9. Analysis and supporting documentation used to determine effect on small businesses: The rule will have no effect on small business, nor any economic impact.
10. Effect on small business: The creation of this rule does not affect business.
11. Agency contact person: Shane W. Falk, Staff Counsel, Government Accountability Board, 212 E. Washington Avenue, 3rd Floor, P.O. Box 7984, Madison, Wisconsin 53707-7984; Phone 266-2094; Shane.Falk@wisconsin.gov
12. Place where comments are to be submitted and deadline for submission: Government Accountability Board, Attn: Shane W. Falk, 212 E. Washington Avenue, 3rd Floor, P.O. Box 7984, Madison, Wisconsin 53707-7984, no later than January 28, 2011.
FISCAL ESTIMATE: The creation of this rule has minimal fiscal effect. There may be additional registrants filing reports with the Board and potentially additional enforcement actions that may require staff action. The extent of this potential fiscal impact is undetermined.

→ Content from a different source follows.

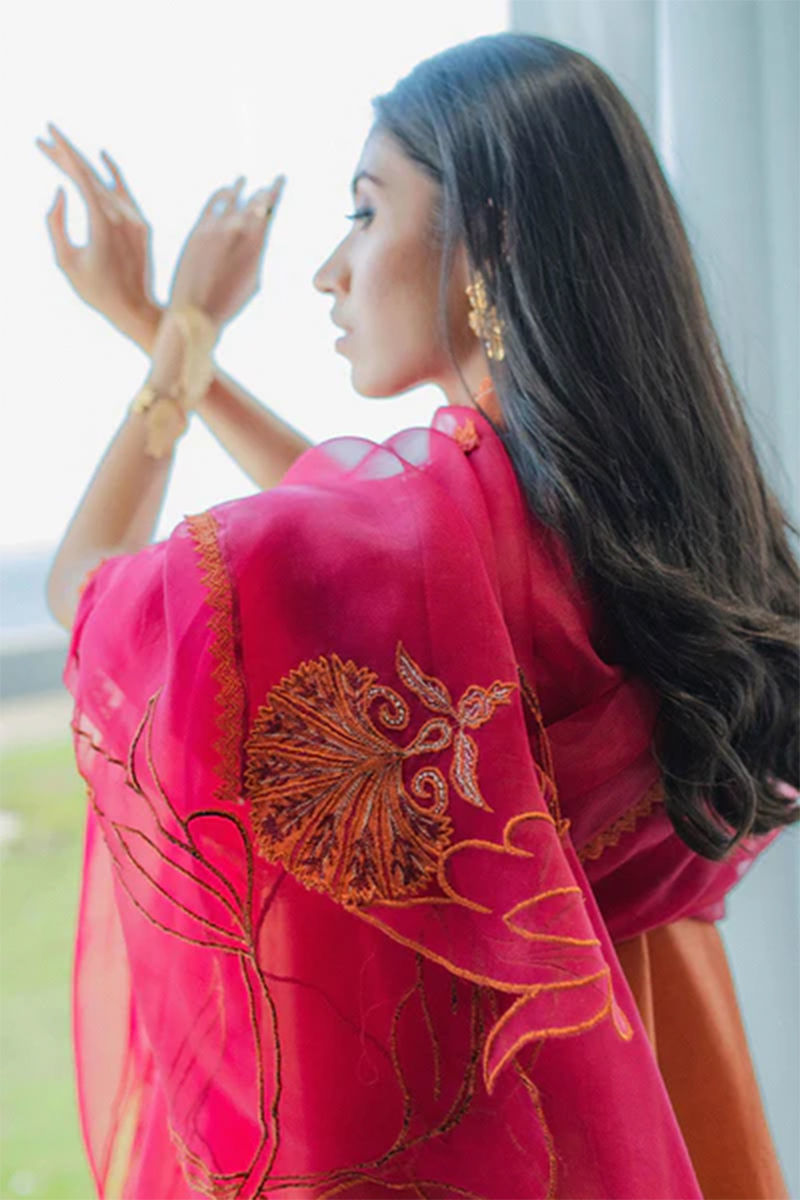 Turn heads in these vibrant hues of tangerine and berry red. Pure raw silk A-line sleeveless long shirt is an amalgamation of appliqués, threadwork, and different embroideries. Defined cutout and embroidered dupatta finished off with laces bring out the whole look and the Voluminous Crushed silk Dhaka gives that flair. This outfit comes along with the shirt and pantsShirt: Raw SilkDupatta: Raw Silk

INITIAL REGULATORY FLEXIBILITY ANALYSIS: The creation of this rule does not affect the normal operations of business.
TEXT OF PROPOSED RULE:
Pursuant to the authority vested in the State of Wisconsin Government Accountability Board by ss. 5.05(1)(f), 227.11(2)(a) and 227.24, Stats., the Government Accountability Board hereby adopts an emergency rule amending GAB 1.28, Wis. Adm. Code, interpreting ch. 11, Stats., as follows:
SECTION 1. GAB 1.28(3)(b) is amended to read:
(b) The communication is susceptible of no
reasonable interpretation other than as an appeal to vote for or against a
specific candidate. A communication is susceptible of no other reasonable
interpretation if it is made during the period beginning on the 60th day
preceding a general, special, or spring election and ending on the date of that
election or during the period beginning on the 30th day preceding a primary
election and ending on the date of that election and that includes a reference
to or depiction of a clearly identified candidate and:
1.
Refers to the personal qualities, character, or
fitness of that candidate;
2.
Supports or condemns that candidate’s position or
stance on issues; or
3.
Supports or condemns that candidate’s public record.
This rule shall take effect upon its publication in the official state newspaper, the Wisconsin State Journal, pursuant to s. 227.24, Stats.
Dated this 22nd day of December, 2010.